Lately, there have been many convenings to discuss the special arena of "women's health care." At a meeting at the White House a couple of weeks ago, a participant said she would love to see the day when men had to have special meetings about their health care needs. But we aren't there yet. The fact that women reproduce and, therefore, have different types of health care needs makes some folks on Capitol Hill go pale and start to sweat.
We got a small taste of how much fun is in store when more than 30 amendments were filed in the Senate this week to alter the health reform legislation, and further erode women's access to reproductive health care. There was a lot of competition for the worst one, but our office favorite was Senator Tom Coburn's amendment to create an "Office of Unborn Children's Health". No one's totally sure who would staff it or exactly what they would be doing -- but suffice it to say the perennial assault on women's health care is upon us full force.
It's as if we are supposed to apologize because we bear children - gee sorry to interfere with the rest of our health care needs, but - there's this tiny issue of wanting healthy, planned families. Our need to use contraception seems to be an annoyance to some legislators - why should we pay for THAT? Rather than seeing family planning as a rather logical solution to preventing unintended pregnancies and providing preventive health care that actually saves the government money, it becomes an all too easy target.

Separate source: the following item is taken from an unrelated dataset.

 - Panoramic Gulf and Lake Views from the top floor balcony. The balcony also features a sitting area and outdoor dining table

How reproductive health care is dealt with in health care reform is no small matter. Six in 10 patients who receive care at a women's health center like Planned Parenthood consider it their primary source of health care. And for low-income and young women, they are quite likely to get ob-gyn care at their local Planned Parenthood or other community family planning center. Going to Planned Parenthood for contraception is many women's entry into the health care world - and the great news is that while they are there for contraception, Planned Parenthood health centers can take care of a lot of other basic preventive health care that they might otherwise not receive.
Say cervical cancer screenings. Each year, Planned Parenthood health centers perform nearly one million Pap Tests, identifying 93,000 women at risk of developing cervical cancer.

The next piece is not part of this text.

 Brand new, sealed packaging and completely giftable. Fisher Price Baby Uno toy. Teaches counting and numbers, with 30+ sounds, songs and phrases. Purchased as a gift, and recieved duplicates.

Or breast exams. More than 850,000 a year. For women like Linda who posted on Facebook, "I went to PP 4 years after my divorce, because his insurance coverage divorced me too! I needed a breast exam and at 59, they found a lump, so deep, by my ribs, I could never have found it myself. They saved my life!" - Planned Parenthood and other essential community providers are the affordable, local access to basic preventive care that saves lives.
To hammer this home, Planned Parenthood is on the airwaves educating the policy folks involved in fixing our health care system, and why women's health care needs to be taken care of in this mega-reform effort. From cancer screenings to contraception to immunizations, the majority of women who go to women's health care centers consider them their primary health care provider. In fact, more than 90 percent of what Planned Parenthood health centers do is preventive and primary care.

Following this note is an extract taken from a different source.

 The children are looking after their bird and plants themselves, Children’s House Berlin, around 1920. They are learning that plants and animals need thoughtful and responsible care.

Essential community providers, including those who provide women's health care, need to be part of any newly established health care system - the three million patients who came to Planned Parenthood health centers last year can testify to it. Family planning and reproductive health care are unfortunately still not fully part of mainstream health care, even though 98 percent of women use contraception at some point in their lives - there's nothing more universal! Maybe one day we won't need a special campaign to support women's health. But until then, Planned Parenthood is here to make sure women aren't worse off after health care reform than before.